You will need to continue avoiding all sugar and starches, including grains, potatoes, yams, sweet potatoes, and any other starchy vegetables for about two years or more. You can replace wheat flour with flour made from ground nuts or seeds.
Continue gradually increasing the amount of fermented foods you consume. These can include vegetables, fruit, milk, and fish. Be sure to introduce new foods cautiously and monitor for any reactions. The best foods to eat on the healthy gut bacteria diet are eggs and fresh or frozen meat or fish, cooked at home. Also, shellfish, fresh fruits and vegetables, nuts and seeds, garlic, and olive oil are good. It is important to consume some of your vegetables cooked. The majority of the foods that you eat should be savory flavors, with sweet kept to a minimum and limited to organic, raw honey, preferably local.
It is very important, while on the healthy gut bacteria diet to ensure that all of your meals are balanced in order to maintain neutral pH levels, and to include plenty of natural fats at every meal.

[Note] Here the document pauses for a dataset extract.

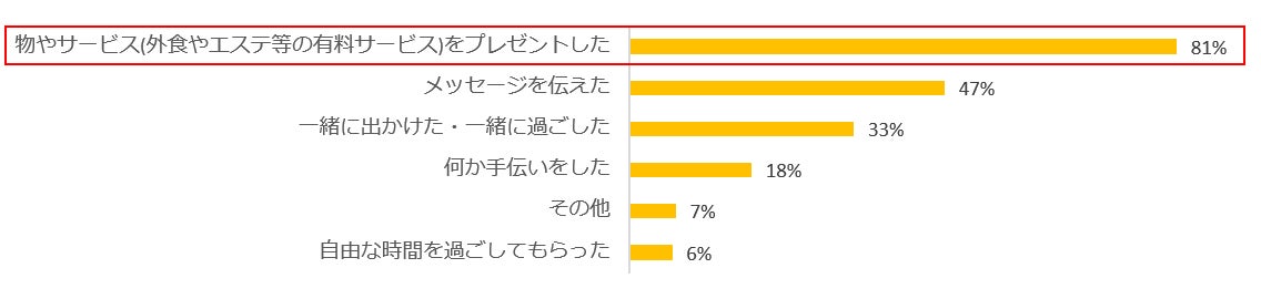お祝いの仕方としても多かったのは「物やサービスをプレゼントした」でした。

Avoid processed foods, as these foods are filled with toxic chemicals that increase gut inflammation. Avoid sugar, syrup, artificial sweetener, alcohol, grains, starchy vegetables, fresh milk (fermented milk products such as natural hard cheese, live cultured yogurt, kefir, sour cream, butter, and ghee are acceptable), beans, coffee, soy, and anything with artificial additives. If you miss your milk, try making coconut milk or milk made with any nut or seed. Experiment and see what you like best.
Be sure to eat plenty of organ meats, eggs, fresh non-starchy vegetables, and fresh fruit. Ripe avocado is an excellent addition to any meal on this diet. Organic, unsalted butter is one of the best fats for cooking, while cold pressed virgin olive oil is excellent for salads. Coconut and palm oils are also very good for cooking as heat does not alter their structures. Be sure to avoid canola and other common vegetable oils.Nuts and seeds are highly nutritious, but should be unsalted, and not roasted or processed. However, compounds in nuts and seeds can make them difficult to digest. If you find that you have trouble with nuts or seeds try soaking them in water with a bit of sea salt overnight. In the morning, rinse them and either eat them as they are, or dry them in the oven on very low heat for several hours.
Finally, add plenty of garlic to your diet along with some unprocessed sea salt or pink Himalayan salt. Garlic will help repopulate gut bacteria and stimulate the immune system. Garlic can be taken raw or cooked, but be sure to buy it fresh, not minced or powdered.